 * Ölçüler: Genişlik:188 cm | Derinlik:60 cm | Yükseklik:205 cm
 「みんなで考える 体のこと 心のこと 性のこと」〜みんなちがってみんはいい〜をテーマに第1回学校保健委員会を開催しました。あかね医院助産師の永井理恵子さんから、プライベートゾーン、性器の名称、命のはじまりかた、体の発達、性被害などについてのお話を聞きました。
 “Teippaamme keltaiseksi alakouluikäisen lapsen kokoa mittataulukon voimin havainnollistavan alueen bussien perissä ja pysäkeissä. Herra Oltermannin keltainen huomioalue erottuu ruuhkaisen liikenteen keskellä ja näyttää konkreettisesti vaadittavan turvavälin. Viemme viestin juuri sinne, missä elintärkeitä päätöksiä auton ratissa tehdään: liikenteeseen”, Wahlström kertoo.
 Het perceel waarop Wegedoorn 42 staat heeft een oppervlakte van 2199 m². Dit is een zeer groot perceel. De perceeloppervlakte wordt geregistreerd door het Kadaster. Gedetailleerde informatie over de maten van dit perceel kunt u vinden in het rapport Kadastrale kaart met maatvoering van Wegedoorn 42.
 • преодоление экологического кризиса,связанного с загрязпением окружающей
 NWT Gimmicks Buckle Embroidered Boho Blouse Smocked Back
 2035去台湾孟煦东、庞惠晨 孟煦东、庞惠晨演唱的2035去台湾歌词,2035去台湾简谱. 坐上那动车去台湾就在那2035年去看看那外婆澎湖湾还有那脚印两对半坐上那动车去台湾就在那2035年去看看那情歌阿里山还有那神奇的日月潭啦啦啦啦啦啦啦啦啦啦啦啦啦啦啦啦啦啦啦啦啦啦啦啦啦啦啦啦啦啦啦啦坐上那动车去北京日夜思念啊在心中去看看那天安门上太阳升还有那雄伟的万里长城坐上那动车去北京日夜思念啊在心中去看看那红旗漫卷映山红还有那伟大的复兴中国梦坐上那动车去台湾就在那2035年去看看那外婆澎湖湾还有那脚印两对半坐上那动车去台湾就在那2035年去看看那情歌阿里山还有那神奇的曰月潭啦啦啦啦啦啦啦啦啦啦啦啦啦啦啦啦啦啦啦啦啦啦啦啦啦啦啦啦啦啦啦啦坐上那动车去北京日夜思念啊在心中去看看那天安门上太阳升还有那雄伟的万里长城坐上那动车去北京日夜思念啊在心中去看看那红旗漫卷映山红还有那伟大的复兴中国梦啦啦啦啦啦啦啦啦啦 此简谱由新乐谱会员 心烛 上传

---

Set down each entry again, unchanged.

 * Ölçüler: Genişlik:188 cm | Derinlik:60 cm | Yükseklik:205 cm
 「みんなで考える 体のこと 心のこと 性のこと」〜みんなちがってみんはいい〜をテーマに第1回学校保健委員会を開催しました。あかね医院助産師の永井理恵子さんから、プライベートゾーン、性器の名称、命のはじまりかた、体の発達、性被害などについてのお話を聞きました。
 “Teippaamme keltaiseksi alakouluikäisen lapsen kokoa mittataulukon voimin havainnollistavan alueen bussien perissä ja pysäkeissä. Herra Oltermannin keltainen huomioalue erottuu ruuhkaisen liikenteen keskellä ja näyttää konkreettisesti vaadittavan turvavälin. Viemme viestin juuri sinne, missä elintärkeitä päätöksiä auton ratissa tehdään: liikenteeseen”, Wahlström kertoo.
 Het perceel waarop Wegedoorn 42 staat heeft een oppervlakte van 2199 m². Dit is een zeer groot perceel. De perceeloppervlakte wordt geregistreerd door het Kadaster. Gedetailleerde informatie over de maten van dit perceel kunt u vinden in het rapport Kadastrale kaart met maatvoering van Wegedoorn 42.
 • преодоление экологического кризиса,связанного с загрязпением окружающей
 NWT Gimmicks Buckle Embroidered Boho Blouse Smocked Back
 2035去台湾孟煦东、庞惠晨 孟煦东、庞惠晨演唱的2035去台湾歌词,2035去台湾简谱. 坐上那动车去台湾就在那2035年去看看那外婆澎湖湾还有那脚印两对半坐上那动车去台湾就在那2035年去看看那情歌阿里山还有那神奇的日月潭啦啦啦啦啦啦啦啦啦啦啦啦啦啦啦啦啦啦啦啦啦啦啦啦啦啦啦啦啦啦啦啦坐上那动车去北京日夜思念啊在心中去看看那天安门上太阳升还有那雄伟的万里长城坐上那动车去北京日夜思念啊在心中去看看那红旗漫卷映山红还有那伟大的复兴中国梦坐上那动车去台湾就在那2035年去看看那外婆澎湖湾还有那脚印两对半坐上那动车去台湾就在那2035年去看看那情歌阿里山还有那神奇的曰月潭啦啦啦啦啦啦啦啦啦啦啦啦啦啦啦啦啦啦啦啦啦啦啦啦啦啦啦啦啦啦啦啦坐上那动车去北京日夜思念啊在心中去看看那天安门上太阳升还有那雄伟的万里长城坐上那动车去北京日夜思念啊在心中去看看那红旗漫卷映山红还有那伟大的复兴中国梦啦啦啦啦啦啦啦啦啦 此简谱由新乐谱会员 心烛 上传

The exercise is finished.